0
votes

I Created a lambda function that downloads data from S3 then preforms a merge and then re-uploads it back to S3 but i have been getting this

error { "errorMessage": "2020-05-18T23:23:27.556Z 37233f48-18ea-43eb-9030-3e8a2bf62048 Task timed out after 3.00 seconds" }

When I remove the lines between 45 and 58 it works just fine

enter image description here https://ideone.com/RvOmPS

import pandas as pd import numpy as np import time from io import StringIO # python3; python2: BytesIO import boto3 import s3fs from botocore.exceptions import NoCredentialsError

def lambda_handler(event, context):

# Dataset 1
# loading the data
df1 = pd.read_csv("https://i...content-available-to-author-only...s.com/Minimum+Wage+Data.csv",encoding= 'unicode_escape')

# Renaming the columns.
df1.rename(columns={'High.Value': 'min_wage_by_law', 'Low.Value': 'min_wage_real'}, inplace=True)

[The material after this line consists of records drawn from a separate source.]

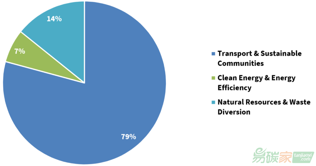 運輸和可持續社區項目??傮w而言,這些氣候投資可分為三類:(1)交通運輸和可持續社區;(2)清潔能源和能源效率:(3)自然資源和垃圾管理。加利福尼亞州通過拍賣收入為各種交通項目提供資金,從鐵路和道路運輸項目到低碳/零排放電動汽車的激勵措施項目和教育項目。此外,加州還實施了60,000個能效項目,這有助于加州實現其2030年目標,將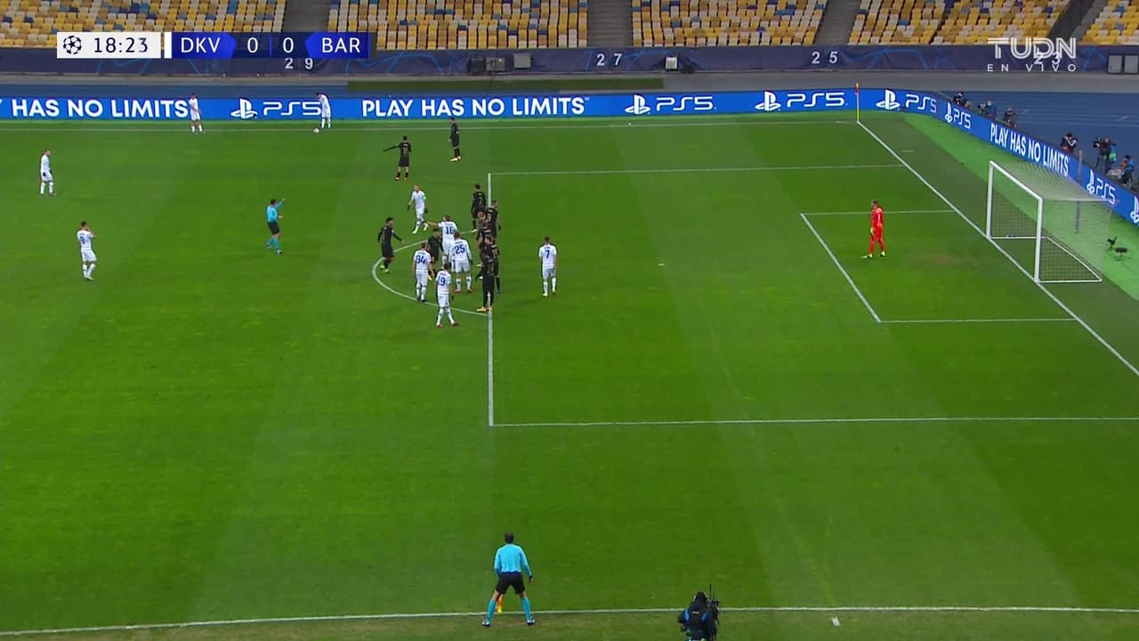 Tiro atajado. Carlos de Pena (Dynamo Kyiv) zurdazo desde el lado izquierdo dentro del área.
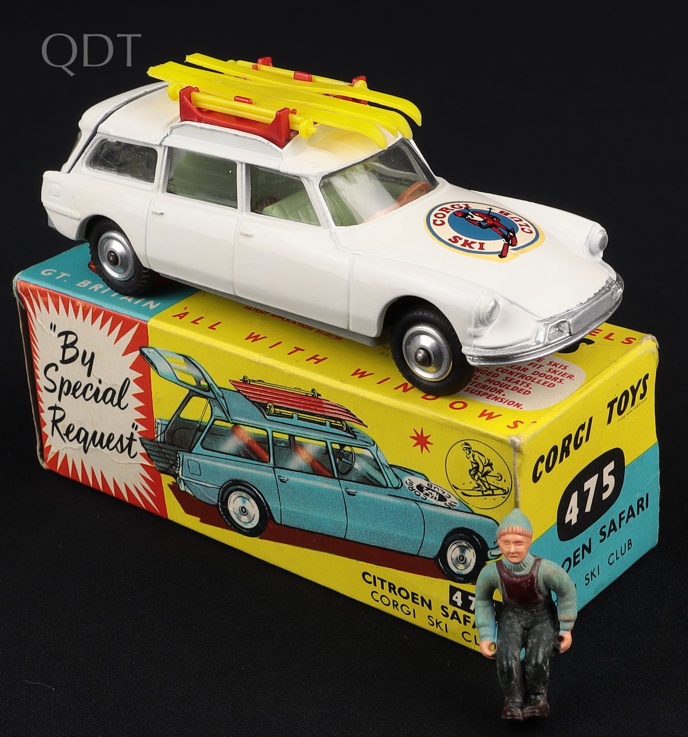 Citroen Safari 'Corgi Ski Club' by Corgi Toys, No. 475. Yellow skis and poles version. Red roof rack. Very near mint/boxed, with Instruction Slip. From The Elmer Collection.

# Removing all unneeded values.
df1 = df1.drop(['Table_Data','Footnote','High.2018','Low.2018'], axis=1)
df1 = df1.loc[df1['Year']>1969].copy()

# ---------------------------------

# Dataset 2
# Loading from the debt S3 bucket
df2 = pd.read_csv("https://i...content-available-to-author-only...s.com/USGS_Final_File.csv") 

#Filtering getting the range in between 1969 and 2018.
df2 = df2.loc[df2['Year']>1969].copy()
df2 = df2.loc[df2['Year']<2018].copy()
df2.rename(columns={'Real State Growth %': 'Real State Growth','Population (million)':'Population Mil'}, inplace=True)

# Cleaning the data
df2['State Debt'] = df2['State Debt'].str.replace(',', '')
df2['Local Debt'] = df2['Local Debt'].str.replace(',', '')
df2["State and Local Debt"] = df2["State and Local Debt"].str.replace(',', '')
df2["Gross State Product"] = df2["Gross State Product"].str.replace(',', '')

# Cast to Floating
df2[["State Debt","Local Debt","State and Local Debt","Gross State Product"]] = df2[[ "State Debt","Local Debt","State and Local Debt","Gross State Product"]].apply(pd.to_numeric)

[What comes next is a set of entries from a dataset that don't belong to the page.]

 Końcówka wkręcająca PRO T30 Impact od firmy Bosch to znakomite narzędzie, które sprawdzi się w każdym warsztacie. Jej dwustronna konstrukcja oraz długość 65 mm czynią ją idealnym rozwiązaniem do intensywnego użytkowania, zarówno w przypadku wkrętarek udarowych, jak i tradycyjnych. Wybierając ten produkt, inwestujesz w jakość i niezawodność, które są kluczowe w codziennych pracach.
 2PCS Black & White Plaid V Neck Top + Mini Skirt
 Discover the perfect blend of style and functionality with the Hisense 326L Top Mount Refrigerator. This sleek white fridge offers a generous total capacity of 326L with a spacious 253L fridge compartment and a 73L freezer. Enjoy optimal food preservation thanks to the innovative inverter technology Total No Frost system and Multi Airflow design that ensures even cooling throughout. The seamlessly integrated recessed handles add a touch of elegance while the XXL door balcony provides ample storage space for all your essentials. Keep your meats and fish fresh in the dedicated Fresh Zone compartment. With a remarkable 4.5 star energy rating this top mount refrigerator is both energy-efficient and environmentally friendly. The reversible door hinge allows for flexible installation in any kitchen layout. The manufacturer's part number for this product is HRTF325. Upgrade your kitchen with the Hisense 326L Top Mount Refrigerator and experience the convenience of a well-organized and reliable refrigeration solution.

# --------------------------------------------
# Merge the data through an inner join.
full = pd.merge(df1,df2,on=['State','Year'])
#--------------------------------------------
filename = '/tmp/'#specify location of s3:/{my-bucket}/
file= 'debt_and_wage' #name of file
datetime = time.strftime("%Y%m%d%H%M%S") #timestamp
filenames3 = "%s%s%s.csv"%(filename,file,datetime) #name of the filepath and csv file

full.to_csv(filenames3, header = True)

## Saving it on AWS

s3 = boto3.resource('s3',aws_access_key_id='accesskeycantshare',aws_secret_access_key= 'key')

s3.meta.client.upload_file(filenames3, 'information-arch',file+datetime+'.csv')
4

4 Answers

1
votes

Your default lambda execution timeout is 3 seconds. Please increase it to what suits your task:

Timeout – The amount of time that Lambda allows a function to run before stopping it. The default is 3 seconds. The maximum allowed value is 900 seconds.

1
votes

You should increase the timeout of your lambda function. The default behavior of a newly created function is to terminate after 3 seconds.

0
votes

Thanks, everybody for the help, just did what increased the timeout and it worked just fine, I did it through here

enter image description here

0
votes

IF the jobs size is big you can try increasing the memory of the function. For now increase the timeout of the function.